The issue stems from what a person learns first, if they learned developing before design then they have the issue I have, so developers becoming designers raise your hands and slap your forehead. People of design learning developing; so we have a nice internal developer vs designer melting pot that is the website-making-person community. Don’t frown at that term, if you have a better all-inclusive term leave it in the comments.

While I do not have the same problem as Sarah, I have an equally aggravating one. The exact opposite, I can not design a webpage in Photoshop. Going into detail it is the opposite of Chris Coyiers’ issue, because I get extremely focused on structure in the program. I’ll easily spend half a day fiddling with grids and trying to fix every detail of a content-less object to pixel perfection in mental anguish knowing a client is just going to throw a super-sized image in it and break it the day of shipping.

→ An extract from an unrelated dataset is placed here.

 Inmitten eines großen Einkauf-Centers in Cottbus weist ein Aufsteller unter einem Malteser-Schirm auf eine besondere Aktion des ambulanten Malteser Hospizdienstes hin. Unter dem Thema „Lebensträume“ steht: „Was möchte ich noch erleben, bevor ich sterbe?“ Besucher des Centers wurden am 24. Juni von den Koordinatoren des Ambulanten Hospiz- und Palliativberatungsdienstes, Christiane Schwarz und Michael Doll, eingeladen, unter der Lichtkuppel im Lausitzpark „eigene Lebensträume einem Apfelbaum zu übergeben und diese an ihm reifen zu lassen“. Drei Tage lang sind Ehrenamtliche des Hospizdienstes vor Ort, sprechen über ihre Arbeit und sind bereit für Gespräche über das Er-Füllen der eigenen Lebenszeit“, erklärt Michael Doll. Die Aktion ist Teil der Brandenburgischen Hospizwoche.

The ideology is not the same either. In HTML everything is a box, a rectangle with 4 sides. Even the things you think you put out side the box, are still within a box themselves, referenced in location to a greater or lesser box. A single character of text is a box to measure everything else by, a pixel is a box on a screen, within the box that is the document, a span is a box on a set of lines that define the height and width of a box within a div, or object set to display:block the big daddy of all boxes.

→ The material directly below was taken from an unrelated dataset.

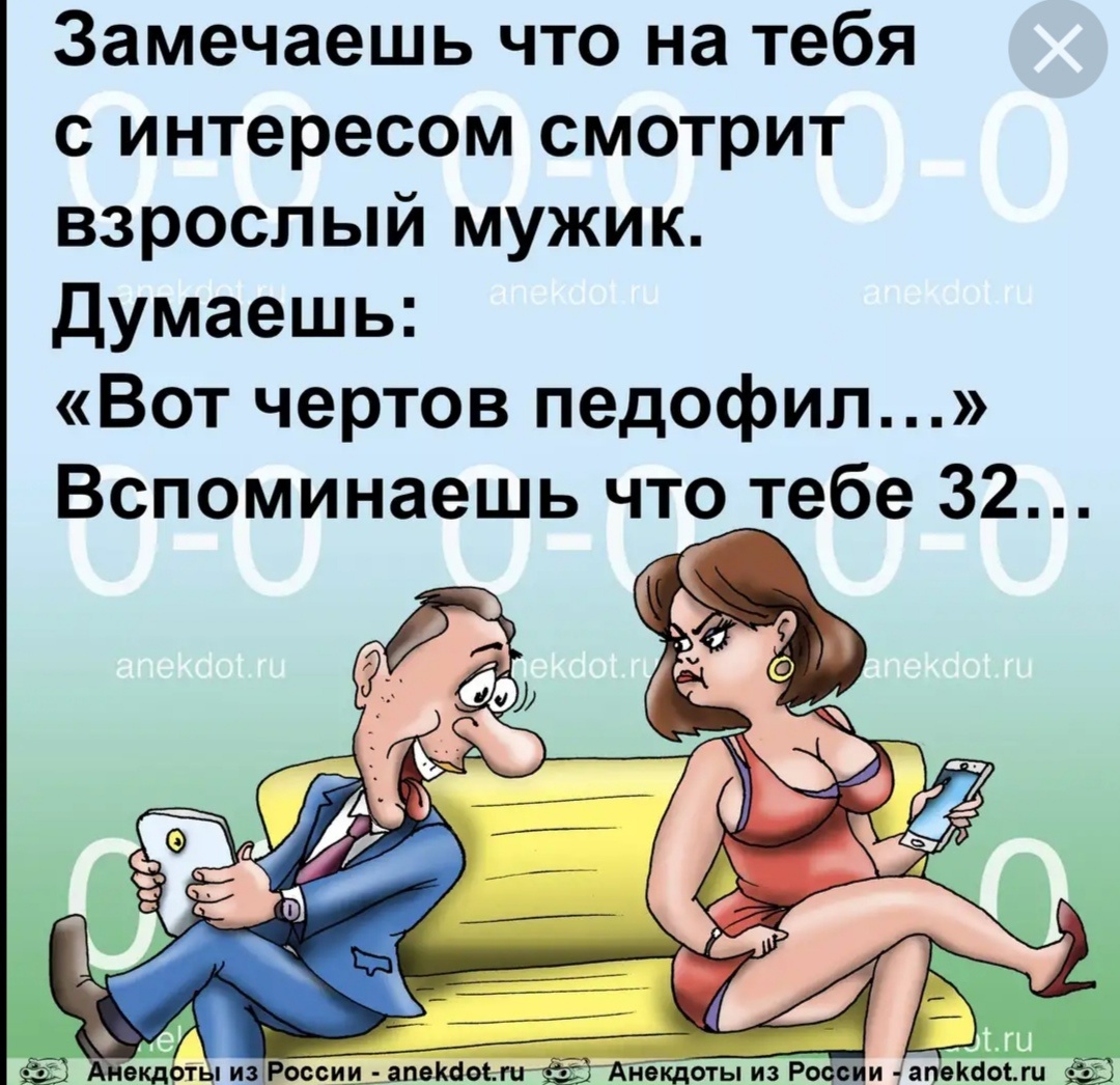 В семье геев: — Я хочу тебя! Не могу, у меня критические дни. — А что ты ел? ... Парень говорит будущей невесте. — Я вчера купил пылесос, Сосет замечательно! — То есть жениться ты на мне передумал? ... Муж шепчет засыпающей супруге: — Милая, я уже без трусов. Ладно спи, отвечает жена, — Завтра постираю. ... Вовочка говорит отцу: — Давай мамку выгоним, я сиську не сосу, большой уже. Ты с ней не спишь, так зачем ее для соседа кормить? ... Милочка! Какие у Вас красивые зубы! — Это от мамы! Надо же! Как подошли! ... Муж заболел гриппом. Собираюсь ему в нос капли закапать, зашла с сыном в комнату, жду пока проснется. Сын шепотом говорит: — Да чего ты ждёшь? Закапывай, пока спит. Муж сквозь сон: — Рано меня закапывать, тело ещё не остыло. ... Отправляю перед обедом ребенка мыть руки. Стоит и держит руки под струей воды. Говорю: — Мой руки, три их. Посмотрел на меня, как на ненормальную: — Две их. ... Заходит в троллейбус подвыпивший мужчина. В троллейбусе гробовое молчание. Он о

Everything is a g0$!@#m !@#$ing box and Paul Irish’s post on using the global selector to enforce a proper box-sizing model just highlights it. So to the guys at MyStream don’t feel bad, its suppose to look like that, that’s why we have Photoshop.

I draw up structure in Photoshop and use those measurements to make a custom framework for all my projects, within that I work out my inspiring elements, then it all goes to Google Chrome. I use Chrome as a pseudo-IDE, in conjunction with NodeJS and Notepad++. Using Chromes development tools lets me express my thoughts and just slide objects around in a manner similar to Photoshop.

But then again I don’t use Photoshop, I use The GIMP, now that may just be my problem right there.

Now my main point is the tool is not the product. In my experience with customer service and my education in UX I have learned as long as it works and works well it does not matter how the solution is arrived at, on top of that the solution has to be easily repeatable and any upgrades to the process have to be as equally if not more so ‘magical’.

Yes ‘magical,’ as in the end-user has no understanding of the underlying processes or logic to the steps they are taking to use a product or service beyond its intended use; for which they will measure frustration by accomplishment of end result and not actual difficulty in using the product. Any upgrade to product or service, in our cases websites, must not be any more time-consuming than previous versions else the creator or provider of service/product will suffer extreme backlash, which the consumer will have little recollection of should they accomplish their goal in hindsight.

In conclusion people do not care how you do it as long as you do it! And as a community we as website creators should not be critical of people who use other methods that work equally well. These are quirks due to educations coming into a quickly developing field. There is no right way to do anything yet, just best practice. A website could be masterfully floated, adaptive, and in pure css, but no who really matters, the end-user, will really care if it’s that or a picture with a bunch of absolutely placed boxes,… I mean objects.

Personally clients that use me will get a CSS file with documentation, more design oriented people will ship a PSD with well labeled layers. Clients of mine that ask for PSDs I charge extra, then go and chop up my site with a screenshot. I’ve learned the hard way to not compromise my art and craft, neither should you Sarah, design in Photoshop to your heart’s content and teach others how.

;-)


Comments

  1. zayelion on February 26, 2012 @ 8:18pm:

    Yep so that’s all I wanted to say; I think?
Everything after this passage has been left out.